Bütün Dünya ülkelerinin başına bela olan Koronavirüs salgını, Sosyal Devlet olmanın önemini bir kez daha gözler önüne serdi.
Stratejik önemdeki Fabrikaların satışının ne kadar yanlış olduğunu bir kez daha gördük.
Haraç mezat, yok pahasına birilerine peşkeş çekilen Şeker Fabrikaları, tam da bu günler için lazım. Şeker Fabrikaları sadece şeker üretmiyor,aynı zamanda Etil Alkol, (Etanol) üretiyor.
Hani şu Kolonya yapımında,dezenfektan,temizlik malzemesi yapımında kullanılan Alkol.
Ama,Alkol denince bizim hacı abilerin kafası başka türlü şarj ediyor.
Almanya,İspanya,Fransa, Kanada, İngiltere gibi Devletler bile sosyal devlet olmanın önemini kavradılar, ama ne yazık ki Bizim Dünya Lideri ve damat, hâlâ bıraktığımız yerde...

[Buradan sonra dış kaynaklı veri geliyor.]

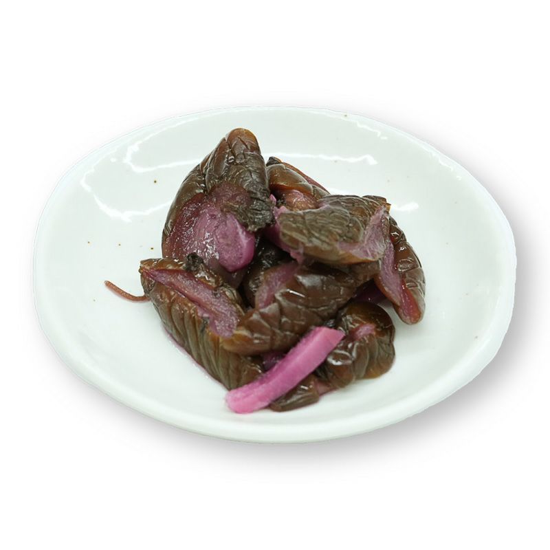 きゅうりを中心にしそやみょうが、生姜を加えて、さわやかに味付けしたしば漬けです。ぽりっと食感でどなたさまも召し上がりやすく仕上げています。常温保存ができるので手土産におすすめしております。

Muhalefet Partileri,Devletin Fabrikalarını satmayın,ona buna peşkeş çekmeyin,bu fabrikaların çalıştırılması yönünde çaba harcayın,üretime destek olun,Tarım politikaları geliştirin,çiftçiye destek verin,kendimizin üretebileceği şeyleri İthal etmek sevdasından vazgeçin derken,tam da bu içine düştüğümüz çıkmazı anlatmaya çalışıyordu.
Bir virüs belası başımıza geldi,aynı anda Kolonya bulamadı,eldiven bulamadı,maske bulamadı,test yaptıracak Hastane,laboratuvar bulamadı insanlar.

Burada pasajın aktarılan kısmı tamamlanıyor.